Leave out any pictures and transcribe all other data below exactly.

» DATA SECTION
== Segment start ==

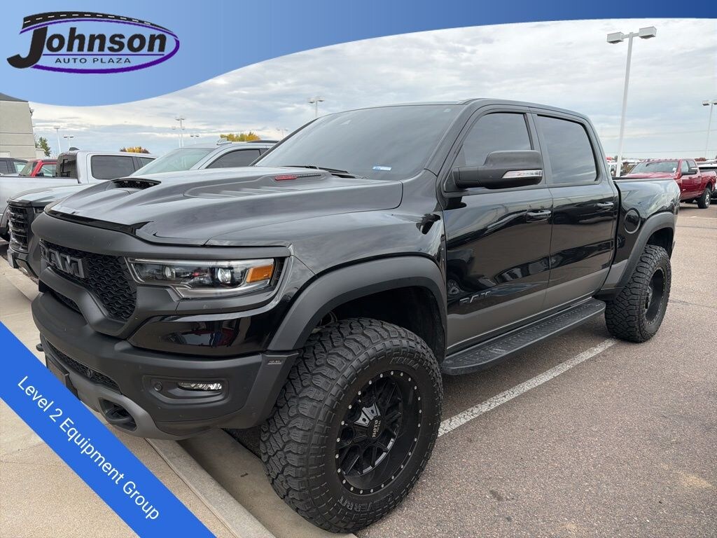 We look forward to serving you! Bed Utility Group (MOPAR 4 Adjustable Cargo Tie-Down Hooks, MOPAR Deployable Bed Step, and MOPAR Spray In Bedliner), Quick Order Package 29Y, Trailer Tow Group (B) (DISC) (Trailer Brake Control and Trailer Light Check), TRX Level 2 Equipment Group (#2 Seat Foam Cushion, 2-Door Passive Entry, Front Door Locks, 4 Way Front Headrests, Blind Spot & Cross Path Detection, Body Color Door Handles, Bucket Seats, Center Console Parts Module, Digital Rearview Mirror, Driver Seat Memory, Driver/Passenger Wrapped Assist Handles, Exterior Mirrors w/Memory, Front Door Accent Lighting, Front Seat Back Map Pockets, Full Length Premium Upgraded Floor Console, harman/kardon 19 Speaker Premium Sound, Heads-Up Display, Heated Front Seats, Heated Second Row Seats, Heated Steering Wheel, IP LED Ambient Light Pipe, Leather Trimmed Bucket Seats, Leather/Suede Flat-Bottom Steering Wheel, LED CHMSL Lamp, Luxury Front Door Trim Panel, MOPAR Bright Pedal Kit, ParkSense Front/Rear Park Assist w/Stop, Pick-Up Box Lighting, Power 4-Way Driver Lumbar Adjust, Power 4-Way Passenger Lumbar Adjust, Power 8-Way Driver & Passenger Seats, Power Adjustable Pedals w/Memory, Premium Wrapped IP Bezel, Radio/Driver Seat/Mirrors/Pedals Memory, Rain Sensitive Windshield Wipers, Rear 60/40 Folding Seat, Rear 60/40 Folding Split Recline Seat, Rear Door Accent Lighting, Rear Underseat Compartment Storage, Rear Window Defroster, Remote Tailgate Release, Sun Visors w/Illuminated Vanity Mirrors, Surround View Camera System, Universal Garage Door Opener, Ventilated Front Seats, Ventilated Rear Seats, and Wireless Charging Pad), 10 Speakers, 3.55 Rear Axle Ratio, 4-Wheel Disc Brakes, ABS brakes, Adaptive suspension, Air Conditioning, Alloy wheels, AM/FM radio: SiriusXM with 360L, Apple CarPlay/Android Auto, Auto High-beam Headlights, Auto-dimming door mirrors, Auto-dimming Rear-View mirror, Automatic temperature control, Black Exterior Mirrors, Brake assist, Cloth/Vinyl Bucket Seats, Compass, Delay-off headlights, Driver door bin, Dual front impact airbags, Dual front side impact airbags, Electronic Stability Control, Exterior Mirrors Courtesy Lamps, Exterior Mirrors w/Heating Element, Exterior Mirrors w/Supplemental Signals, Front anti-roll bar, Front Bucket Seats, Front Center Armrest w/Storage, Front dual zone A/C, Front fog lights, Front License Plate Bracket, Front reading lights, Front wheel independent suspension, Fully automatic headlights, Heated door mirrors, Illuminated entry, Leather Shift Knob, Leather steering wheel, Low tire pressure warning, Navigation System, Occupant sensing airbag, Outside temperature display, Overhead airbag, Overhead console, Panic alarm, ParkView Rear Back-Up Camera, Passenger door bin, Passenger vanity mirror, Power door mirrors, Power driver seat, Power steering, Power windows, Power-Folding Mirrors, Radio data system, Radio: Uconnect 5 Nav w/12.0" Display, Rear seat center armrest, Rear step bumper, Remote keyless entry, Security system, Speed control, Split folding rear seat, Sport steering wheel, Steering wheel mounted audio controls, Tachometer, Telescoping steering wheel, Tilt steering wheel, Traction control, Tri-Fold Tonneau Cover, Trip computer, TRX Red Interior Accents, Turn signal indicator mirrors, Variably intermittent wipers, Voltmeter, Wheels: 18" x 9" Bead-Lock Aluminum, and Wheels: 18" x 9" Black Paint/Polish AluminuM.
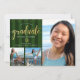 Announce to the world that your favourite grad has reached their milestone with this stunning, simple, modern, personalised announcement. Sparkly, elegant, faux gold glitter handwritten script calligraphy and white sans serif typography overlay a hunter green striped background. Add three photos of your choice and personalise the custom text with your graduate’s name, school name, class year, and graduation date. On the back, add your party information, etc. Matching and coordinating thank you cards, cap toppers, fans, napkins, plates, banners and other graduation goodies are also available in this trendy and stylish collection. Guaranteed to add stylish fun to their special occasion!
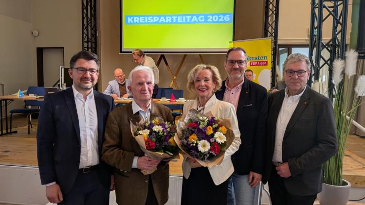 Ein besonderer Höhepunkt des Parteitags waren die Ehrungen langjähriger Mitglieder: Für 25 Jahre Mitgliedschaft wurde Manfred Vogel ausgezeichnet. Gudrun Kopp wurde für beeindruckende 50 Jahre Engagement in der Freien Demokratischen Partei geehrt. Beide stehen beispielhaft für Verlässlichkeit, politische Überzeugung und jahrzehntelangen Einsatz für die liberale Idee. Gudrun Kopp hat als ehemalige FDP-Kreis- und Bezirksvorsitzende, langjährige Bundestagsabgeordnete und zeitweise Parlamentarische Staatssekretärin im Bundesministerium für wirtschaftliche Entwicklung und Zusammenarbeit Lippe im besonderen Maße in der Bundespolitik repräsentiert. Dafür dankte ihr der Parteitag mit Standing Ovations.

== Segment end ==

» EXERCISE RESULT
 We look forward to serving you! Bed Utility Group (MOPAR 4 Adjustable Cargo Tie-Down Hooks, MOPAR Deployable Bed Step, and MOPAR Spray In Bedliner), Quick Order Package 29Y, Trailer Tow Group (B) (DISC) (Trailer Brake Control and Trailer Light Check), TRX Level 2 Equipment Group (#2 Seat Foam Cushion, 2-Door Passive Entry, Front Door Locks, 4 Way Front Headrests, Blind Spot & Cross Path Detection, Body Color Door Handles, Bucket Seats, Center Console Parts Module, Digital Rearview Mirror, Driver Seat Memory, Driver/Passenger Wrapped Assist Handles, Exterior Mirrors w/Memory, Front Door Accent Lighting, Front Seat Back Map Pockets, Full Length Premium Upgraded Floor Console, harman/kardon 19 Speaker Premium Sound, Heads-Up Display, Heated Front Seats, Heated Second Row Seats, Heated Steering Wheel, IP LED Ambient Light Pipe, Leather Trimmed Bucket Seats, Leather/Suede Flat-Bottom Steering Wheel, LED CHMSL Lamp, Luxury Front Door Trim Panel, MOPAR Bright Pedal Kit, ParkSense Front/Rear Park Assist w/Stop, Pick-Up Box Lighting, Power 4-Way Driver Lumbar Adjust, Power 4-Way Passenger Lumbar Adjust, Power 8-Way Driver & Passenger Seats, Power Adjustable Pedals w/Memory, Premium Wrapped IP Bezel, Radio/Driver Seat/Mirrors/Pedals Memory, Rain Sensitive Windshield Wipers, Rear 60/40 Folding Seat, Rear 60/40 Folding Split Recline Seat, Rear Door Accent Lighting, Rear Underseat Compartment Storage, Rear Window Defroster, Remote Tailgate Release, Sun Visors w/Illuminated Vanity Mirrors, Surround View Camera System, Universal Garage Door Opener, Ventilated Front Seats, Ventilated Rear Seats, and Wireless Charging Pad), 10 Speakers, 3.55 Rear Axle Ratio, 4-Wheel Disc Brakes, ABS brakes, Adaptive suspension, Air Conditioning, Alloy wheels, AM/FM radio: SiriusXM with 360L, Apple CarPlay/Android Auto, Auto High-beam Headlights, Auto-dimming door mirrors, Auto-dimming Rear-View mirror, Automatic temperature control, Black Exterior Mirrors, Brake assist, Cloth/Vinyl Bucket Seats, Compass, Delay-off headlights, Driver door bin, Dual front impact airbags, Dual front side impact airbags, Electronic Stability Control, Exterior Mirrors Courtesy Lamps, Exterior Mirrors w/Heating Element, Exterior Mirrors w/Supplemental Signals, Front anti-roll bar, Front Bucket Seats, Front Center Armrest w/Storage, Front dual zone A/C, Front fog lights, Front License Plate Bracket, Front reading lights, Front wheel independent suspension, Fully automatic headlights, Heated door mirrors, Illuminated entry, Leather Shift Knob, Leather steering wheel, Low tire pressure warning, Navigation System, Occupant sensing airbag, Outside temperature display, Overhead airbag, Overhead console, Panic alarm, ParkView Rear Back-Up Camera, Passenger door bin, Passenger vanity mirror, Power door mirrors, Power driver seat, Power steering, Power windows, Power-Folding Mirrors, Radio data system, Radio: Uconnect 5 Nav w/12.0" Display, Rear seat center armrest, Rear step bumper, Remote keyless entry, Security system, Speed control, Split folding rear seat, Sport steering wheel, Steering wheel mounted audio controls, Tachometer, Telescoping steering wheel, Tilt steering wheel, Traction control, Tri-Fold Tonneau Cover, Trip computer, TRX Red Interior Accents, Turn signal indicator mirrors, Variably intermittent wipers, Voltmeter, Wheels: 18" x 9" Bead-Lock Aluminum, and Wheels: 18" x 9" Black Paint/Polish AluminuM.
 Announce to the world that your favourite grad has reached their milestone with this stunning, simple, modern, personalised announcement. Sparkly, elegant, faux gold glitter handwritten script calligraphy and white sans serif typography overlay a hunter green striped background. Add three photos of your choice and personalise the custom text with your graduate’s name, school name, class year, and graduation date. On the back, add your party information, etc. Matching and coordinating thank you cards, cap toppers, fans, napkins, plates, banners and other graduation goodies are also available in this trendy and stylish collection. Guaranteed to add stylish fun to their special occasion!
 Ein besonderer Höhepunkt des Parteitags waren die Ehrungen langjähriger Mitglieder: Für 25 Jahre Mitgliedschaft wurde Manfred Vogel ausgezeichnet. Gudrun Kopp wurde für beeindruckende 50 Jahre Engagement in der Freien Demokratischen Partei geehrt. Beide stehen beispielhaft für Verlässlichkeit, politische Überzeugung und jahrzehntelangen Einsatz für die liberale Idee. Gudrun Kopp hat als ehemalige FDP-Kreis- und Bezirksvorsitzende, langjährige Bundestagsabgeordnete und zeitweise Parlamentarische Staatssekretärin im Bundesministerium für wirtschaftliche Entwicklung und Zusammenarbeit Lippe im besonderen Maße in der Bundespolitik repräsentiert. Dafür dankte ihr der Parteitag mit Standing Ovations.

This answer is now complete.